In an animal model of diet-induced obesity, the oral administration of beta-defensin 2 enhanced not only intestinal epithelial barrier function but also metabolic indices, including glucose intolerance, hepatic fat content, and the number of liver lipid droplets [19]. In the same study, beta-defensin 2 improved the integrity of the gut epithelial barrier by upregulating tight junction and mucin expression. In agreement with our findings, these observations provide evidence for a close link between intestinal dysbiosis and metabolic dysregulation, although the translation of findings from animal studies into humans should be made with caution. In support of this perspective, among the various pro-inflammatory biomarkers we examined, beta-defensin 2 was significantly correlated only with presepsin, which could be attributed to the fact that intestinal microbiome imbalance constitutes the underlying pathophysiological disorder that connects these two markers.
Our findings are in line with previous studies that have evaluated hs-CRP in people with obesity.
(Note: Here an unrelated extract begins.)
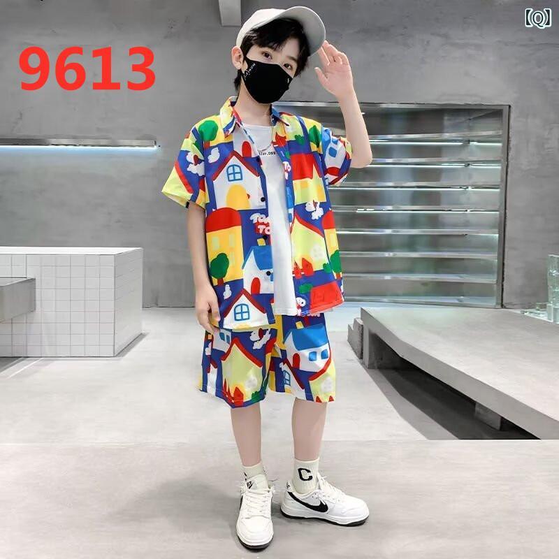 キッズ 夏 アロハシャツ セットアップ 男の子 ハワイアン ビーチ リゾート 旅行 子供用 シャツ ショートパンツ 上下セット 2点セット ポリエステル 薄手 通気性 個性的

In a cohort of 3152 adults, Megawati et al. [20] recently reported that its levels are positively correlated not only with BMI values, but also with waist circumference, suggesting that hs-CRP is a reliable indicator of visceral adiposity. Adipose tissue functions as an endocrine organ by releasing cytokines, including tumor necrosis factor-α (TNF-α), interleukins, and various chemokines [21]. An excess of free fatty acids triggers pro-inflammatory pathways that promote cytokine production and stimulate the liver to synthesize CRP; transcription of the latter occurs predominantly in hepatocytes in response to increased cytokine levels, especially IL-6 [22]. Interestingly, pharmacological interventions that induce weight loss and alleviate cardiorenal risk in patients with obesity and established cardiovascular disease have been shown to parallelly improve hs-CRP levels, highlighting the crucial role of inflammation not only in the pathophysiology of the disease but also in its complications [23].
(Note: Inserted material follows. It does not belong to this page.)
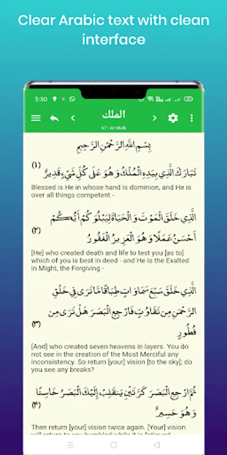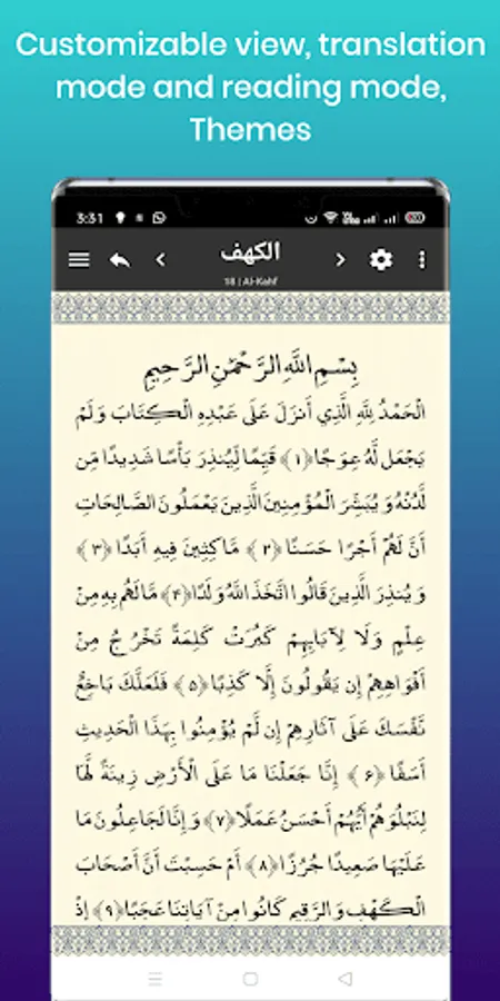 Page view : in this mode all the verses displayed one after other, Tap on the ayat to show meaning.

Our analysis suggested that the difference in hs-CRP levels between the different BMI categories became significant only when controls and participants with overweight were grouped together. The obvious reason behind this approach is to counteract the effects of the small sample size. However, there is an additional rationale. Studies have demonstrated that individuals with obesity exhibit significantly higher plasma concentrations of CRP and IL-6 compared to those with overweight, independent of age, sex, and metabolic comorbidities. Data from the National Health and Nutrition Examination Survey (NHANES) show that mean CRP levels in adults with obesity can exceed 5 mg/L, while in the population with overweight, values typically range between 2 and 3 mg/L, indicating a nearly two-fold increase in systemic inflammation in obesity [24]. This differential inflammatory status is attributable to both quantitative and qualitative changes in adipose tissue, including greater macrophage infiltration and a shift toward a pro-inflammatory M1 phenotype, as well as an enhanced production of adipokines such as leptin and resistin that further propagate inflammation [25]. These findings underscore that obesity confers a distinct and exacerbated inflammatory profile compared to the overweight state, with important implications for cardiometabolic risk and immune dysfunction. Thus, modest improvements in body weight and fat mass, particularly when translated into a regression from obesity to overweight, can significantly alleviate the inflammatory profile and, subsequently, improve health outcomes and mitigate the risk of complications in people with obesity.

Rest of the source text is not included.